(What is expected): Write out the full set of records below exactly.

(Dataset extract):

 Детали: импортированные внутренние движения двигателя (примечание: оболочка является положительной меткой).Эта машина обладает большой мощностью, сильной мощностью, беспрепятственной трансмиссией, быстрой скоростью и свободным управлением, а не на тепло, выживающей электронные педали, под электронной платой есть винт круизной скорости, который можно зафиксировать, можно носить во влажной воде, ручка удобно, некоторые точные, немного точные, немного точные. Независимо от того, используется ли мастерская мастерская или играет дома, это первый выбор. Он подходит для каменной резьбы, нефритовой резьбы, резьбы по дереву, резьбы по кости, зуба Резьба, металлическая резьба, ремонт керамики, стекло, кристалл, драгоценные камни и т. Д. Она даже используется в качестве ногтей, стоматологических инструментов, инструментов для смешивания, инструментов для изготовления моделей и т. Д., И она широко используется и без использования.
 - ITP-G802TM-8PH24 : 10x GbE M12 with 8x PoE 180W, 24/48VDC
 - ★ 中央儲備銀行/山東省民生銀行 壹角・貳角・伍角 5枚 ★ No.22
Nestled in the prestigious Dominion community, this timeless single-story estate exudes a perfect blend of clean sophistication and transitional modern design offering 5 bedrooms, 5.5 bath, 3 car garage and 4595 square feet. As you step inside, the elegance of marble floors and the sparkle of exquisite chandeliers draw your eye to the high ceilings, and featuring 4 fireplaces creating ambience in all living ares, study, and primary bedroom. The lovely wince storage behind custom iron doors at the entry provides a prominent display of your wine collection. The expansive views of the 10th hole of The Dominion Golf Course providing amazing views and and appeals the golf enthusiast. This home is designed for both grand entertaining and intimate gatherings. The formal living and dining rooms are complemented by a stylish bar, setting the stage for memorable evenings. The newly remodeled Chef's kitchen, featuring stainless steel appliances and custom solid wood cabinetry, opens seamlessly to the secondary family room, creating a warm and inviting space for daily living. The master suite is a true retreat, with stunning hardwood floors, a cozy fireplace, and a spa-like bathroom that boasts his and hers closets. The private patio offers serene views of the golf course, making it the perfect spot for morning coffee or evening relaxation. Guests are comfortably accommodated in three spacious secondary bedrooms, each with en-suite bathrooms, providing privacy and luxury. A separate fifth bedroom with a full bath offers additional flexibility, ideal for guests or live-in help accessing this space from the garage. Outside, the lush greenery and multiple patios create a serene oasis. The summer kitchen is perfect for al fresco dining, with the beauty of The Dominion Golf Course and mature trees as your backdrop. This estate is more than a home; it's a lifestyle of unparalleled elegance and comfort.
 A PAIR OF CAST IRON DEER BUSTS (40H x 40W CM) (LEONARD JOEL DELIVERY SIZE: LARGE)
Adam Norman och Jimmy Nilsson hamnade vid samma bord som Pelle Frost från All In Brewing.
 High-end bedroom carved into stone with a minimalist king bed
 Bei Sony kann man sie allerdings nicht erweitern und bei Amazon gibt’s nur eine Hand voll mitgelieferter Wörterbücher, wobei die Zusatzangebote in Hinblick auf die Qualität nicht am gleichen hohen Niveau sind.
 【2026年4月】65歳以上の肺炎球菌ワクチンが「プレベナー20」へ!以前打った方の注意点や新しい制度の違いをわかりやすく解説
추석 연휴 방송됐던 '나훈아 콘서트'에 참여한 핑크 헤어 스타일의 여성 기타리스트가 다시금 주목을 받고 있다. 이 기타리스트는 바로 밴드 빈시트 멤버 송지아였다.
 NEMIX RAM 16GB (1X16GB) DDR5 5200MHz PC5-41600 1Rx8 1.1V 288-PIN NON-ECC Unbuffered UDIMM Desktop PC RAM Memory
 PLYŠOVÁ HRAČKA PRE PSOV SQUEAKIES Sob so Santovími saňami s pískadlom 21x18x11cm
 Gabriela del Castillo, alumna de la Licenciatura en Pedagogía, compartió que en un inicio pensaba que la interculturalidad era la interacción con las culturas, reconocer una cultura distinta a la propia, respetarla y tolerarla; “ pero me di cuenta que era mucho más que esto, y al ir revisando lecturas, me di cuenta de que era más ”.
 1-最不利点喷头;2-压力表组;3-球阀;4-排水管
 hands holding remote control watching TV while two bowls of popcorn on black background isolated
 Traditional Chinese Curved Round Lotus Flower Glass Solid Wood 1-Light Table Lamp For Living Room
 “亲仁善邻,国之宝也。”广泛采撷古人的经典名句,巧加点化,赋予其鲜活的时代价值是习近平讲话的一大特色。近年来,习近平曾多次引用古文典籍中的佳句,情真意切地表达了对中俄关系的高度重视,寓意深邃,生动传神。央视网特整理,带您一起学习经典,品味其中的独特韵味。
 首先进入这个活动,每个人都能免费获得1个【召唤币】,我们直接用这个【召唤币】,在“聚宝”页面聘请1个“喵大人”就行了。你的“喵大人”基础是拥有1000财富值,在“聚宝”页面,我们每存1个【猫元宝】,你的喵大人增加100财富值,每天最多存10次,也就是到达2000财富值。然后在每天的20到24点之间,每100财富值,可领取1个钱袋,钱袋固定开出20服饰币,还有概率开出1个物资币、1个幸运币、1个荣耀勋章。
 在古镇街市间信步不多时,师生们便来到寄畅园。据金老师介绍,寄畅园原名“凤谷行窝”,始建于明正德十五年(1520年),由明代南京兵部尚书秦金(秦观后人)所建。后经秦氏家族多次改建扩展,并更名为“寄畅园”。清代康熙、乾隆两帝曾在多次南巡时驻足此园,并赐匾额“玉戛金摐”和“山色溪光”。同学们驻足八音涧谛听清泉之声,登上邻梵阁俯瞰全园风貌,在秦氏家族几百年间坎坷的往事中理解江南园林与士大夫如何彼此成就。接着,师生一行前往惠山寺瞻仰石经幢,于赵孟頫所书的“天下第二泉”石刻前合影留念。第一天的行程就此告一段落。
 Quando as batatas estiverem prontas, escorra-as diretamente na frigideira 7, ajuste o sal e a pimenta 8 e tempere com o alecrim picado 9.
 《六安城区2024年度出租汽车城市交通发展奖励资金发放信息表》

(Output below):
 Детали: импортированные внутренние движения двигателя (примечание: оболочка является положительной меткой).Эта машина обладает большой мощностью, сильной мощностью, беспрепятственной трансмиссией, быстрой скоростью и свободным управлением, а не на тепло, выживающей электронные педали, под электронной платой есть винт круизной скорости, который можно зафиксировать, можно носить во влажной воде, ручка удобно, некоторые точные, немного точные, немного точные. Независимо от того, используется ли мастерская мастерская или играет дома, это первый выбор. Он подходит для каменной резьбы, нефритовой резьбы, резьбы по дереву, резьбы по кости, зуба Резьба, металлическая резьба, ремонт керамики, стекло, кристалл, драгоценные камни и т. Д. Она даже используется в качестве ногтей, стоматологических инструментов, инструментов для смешивания, инструментов для изготовления моделей и т. Д., И она широко используется и без использования.
 - ITP-G802TM-8PH24 : 10x GbE M12 with 8x PoE 180W, 24/48VDC
 - ★ 中央儲備銀行/山東省民生銀行 壹角・貳角・伍角 5枚 ★ No.22
Nestled in the prestigious Dominion community, this timeless single-story estate exudes a perfect blend of clean sophistication and transitional modern design offering 5 bedrooms, 5.5 bath, 3 car garage and 4595 square feet. As you step inside, the elegance of marble floors and the sparkle of exquisite chandeliers draw your eye to the high ceilings, and featuring 4 fireplaces creating ambience in all living ares, study, and primary bedroom. The lovely wince storage behind custom iron doors at the entry provides a prominent display of your wine collection. The expansive views of the 10th hole of The Dominion Golf Course providing amazing views and and appeals the golf enthusiast. This home is designed for both grand entertaining and intimate gatherings. The formal living and dining rooms are complemented by a stylish bar, setting the stage for memorable evenings. The newly remodeled Chef's kitchen, featuring stainless steel appliances and custom solid wood cabinetry, opens seamlessly to the secondary family room, creating a warm and inviting space for daily living. The master suite is a true retreat, with stunning hardwood floors, a cozy fireplace, and a spa-like bathroom that boasts his and hers closets. The private patio offers serene views of the golf course, making it the perfect spot for morning coffee or evening relaxation. Guests are comfortably accommodated in three spacious secondary bedrooms, each with en-suite bathrooms, providing privacy and luxury. A separate fifth bedroom with a full bath offers additional flexibility, ideal for guests or live-in help accessing this space from the garage. Outside, the lush greenery and multiple patios create a serene oasis. The summer kitchen is perfect for al fresco dining, with the beauty of The Dominion Golf Course and mature trees as your backdrop. This estate is more than a home; it's a lifestyle of unparalleled elegance and comfort.
 A PAIR OF CAST IRON DEER BUSTS (40H x 40W CM) (LEONARD JOEL DELIVERY SIZE: LARGE)
Adam Norman och Jimmy Nilsson hamnade vid samma bord som Pelle Frost från All In Brewing.
 High-end bedroom carved into stone with a minimalist king bed
 Bei Sony kann man sie allerdings nicht erweitern und bei Amazon gibt’s nur eine Hand voll mitgelieferter Wörterbücher, wobei die Zusatzangebote in Hinblick auf die Qualität nicht am gleichen hohen Niveau sind.
 【2026年4月】65歳以上の肺炎球菌ワクチンが「プレベナー20」へ!以前打った方の注意点や新しい制度の違いをわかりやすく解説
추석 연휴 방송됐던 '나훈아 콘서트'에 참여한 핑크 헤어 스타일의 여성 기타리스트가 다시금 주목을 받고 있다. 이 기타리스트는 바로 밴드 빈시트 멤버 송지아였다.
 NEMIX RAM 16GB (1X16GB) DDR5 5200MHz PC5-41600 1Rx8 1.1V 288-PIN NON-ECC Unbuffered UDIMM Desktop PC RAM Memory
 PLYŠOVÁ HRAČKA PRE PSOV SQUEAKIES Sob so Santovími saňami s pískadlom 21x18x11cm
 Gabriela del Castillo, alumna de la Licenciatura en Pedagogía, compartió que en un inicio pensaba que la interculturalidad era la interacción con las culturas, reconocer una cultura distinta a la propia, respetarla y tolerarla; “ pero me di cuenta que era mucho más que esto, y al ir revisando lecturas, me di cuenta de que era más ”.
 1-最不利点喷头;2-压力表组;3-球阀;4-排水管
 hands holding remote control watching TV while two bowls of popcorn on black background isolated
 Traditional Chinese Curved Round Lotus Flower Glass Solid Wood 1-Light Table Lamp For Living Room
 “亲仁善邻,国之宝也。”广泛采撷古人的经典名句,巧加点化,赋予其鲜活的时代价值是习近平讲话的一大特色。近年来,习近平曾多次引用古文典籍中的佳句,情真意切地表达了对中俄关系的高度重视,寓意深邃,生动传神。央视网特整理,带您一起学习经典,品味其中的独特韵味。
 首先进入这个活动,每个人都能免费获得1个【召唤币】,我们直接用这个【召唤币】,在“聚宝”页面聘请1个“喵大人”就行了。你的“喵大人”基础是拥有1000财富值,在“聚宝”页面,我们每存1个【猫元宝】,你的喵大人增加100财富值,每天最多存10次,也就是到达2000财富值。然后在每天的20到24点之间,每100财富值,可领取1个钱袋,钱袋固定开出20服饰币,还有概率开出1个物资币、1个幸运币、1个荣耀勋章。
 在古镇街市间信步不多时,师生们便来到寄畅园。据金老师介绍,寄畅园原名“凤谷行窝”,始建于明正德十五年(1520年),由明代南京兵部尚书秦金(秦观后人)所建。后经秦氏家族多次改建扩展,并更名为“寄畅园”。清代康熙、乾隆两帝曾在多次南巡时驻足此园,并赐匾额“玉戛金摐”和“山色溪光”。同学们驻足八音涧谛听清泉之声,登上邻梵阁俯瞰全园风貌,在秦氏家族几百年间坎坷的往事中理解江南园林与士大夫如何彼此成就。接着,师生一行前往惠山寺瞻仰石经幢,于赵孟頫所书的“天下第二泉”石刻前合影留念。第一天的行程就此告一段落。
 Quando as batatas estiverem prontas, escorra-as diretamente na frigideira 7, ajuste o sal e a pimenta 8 e tempere com o alecrim picado 9.
 《六安城区2024年度出租汽车城市交通发展奖励资金发放信息表》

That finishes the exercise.